Tips for Planning a Conference Session

Submitted by Cadre-Admin on Mon, 07/26/2021 - 13:33

The CADRE Team

It can be a challenge to plan a conference session that effectively engages panelists from different institutions and research backgrounds. The panelists may or may not know one another, or one another’s work. How do you plan for a dialogue that showcases each panelist and their work while also highlighting areas of overlapping interest? Here are a session designer’s strategies as remarked upon by the panelists involved in the session.

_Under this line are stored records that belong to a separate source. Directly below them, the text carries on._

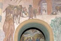 De bekering van Saulus tot Paulus Muurschilderingen in Antonius van Padua/ Cenakelkerk, Heilig Landstichting; De schilder laat in de uitmonstering verschillende sfeerbeelden zien die hij ontleende aan zijn bezoeken aan Palestina en Jordanië. Door de opening zien we een fragment van het mozaïek van het sterfbed van Maria in de aangrenzende kapel [techniek: Keimverf] [staat: Goed] -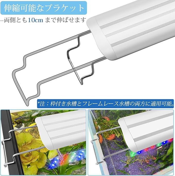 「伸縮式ステンレス鋼ブラケット」伸縮可能なブラケットを装備しており、毎側のブラケットは10 cm以上伸ばせます。枠付き/フレームレスの水槽両方に使用でき、ほとんどの水槽に簡単に取り付け可能です。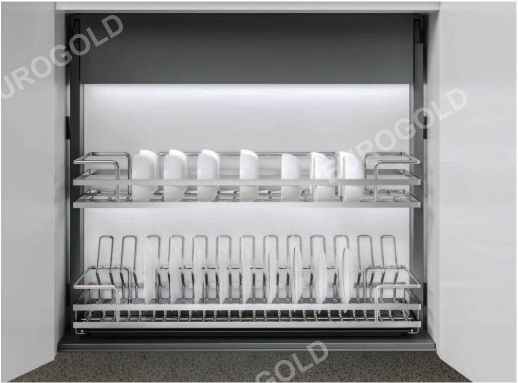 - Khi chạm, hệ thống điều khiển nhận được tín hiệu sẽ điều khiển ray trượt và bộ ròng rọc kéo toàn bộ giá gia vị xuống theo chiều thẳng đứng.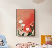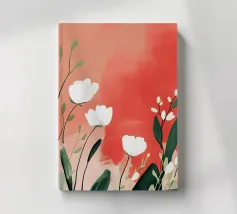 A minimalist floral composition where delicate white blooms rise against warm coral and blush tones. Gentle brushstrokes and muted greens evoke growth, quiet optimism, and the beauty of unfolding at one’s own pace. This artwork carries a sense of tenderness and renewal, making it a calm, uplifting presence for modern, Scandinavian, or softly styled interiors.

  1. Start with a vision for the session, but leave room for panelist input.
  2. Be intentional about the selection of individuals for the panel by identifying clear connections between panelists’ work while selecting projects that are different enough to contribute a unique perspective to the conversation. This approach helps ensure that audience members can find someone on the panel to connect with while also learning how that work informs/supports work in other areas. 
  3. Contact each panelist and provide a robust explanation of the purpose of the panel, with an invitation to meet and discuss. 
  4. Schedule individual meetings with each panelist to delve more deeply into the purpose of the session, why the panelist was chosen, and how their work might fit with the work of the other panelists.
  5. Request 1-2 seminal publications/resources from each panelist representing their work or work that aligns well with their personal interests/focus, and then share those publications with the other panelists so that they can become more familiar with the work.
  6. Schedule a pre-panel meeting with all of the panelists to build a foundation for the conversation at the conference. Consider facilitating part of this meeting like a modified run through of the panel session. Provide opportunities for the panelists to weigh in on the structure, content, organization of the proposed session.
  7. Invite panelists to describe their connection to the topic and how their comments during the session may complement those of other panelists. This may result in a conversation between colleagues as opposed to one between people who were largely unfamiliar with each other. 
  8. Share an outline of the final panel questions and topics to help panelists prep for the session.
  9. Follow up after each meeting with a check-in and a brief synopsis of what was discussed.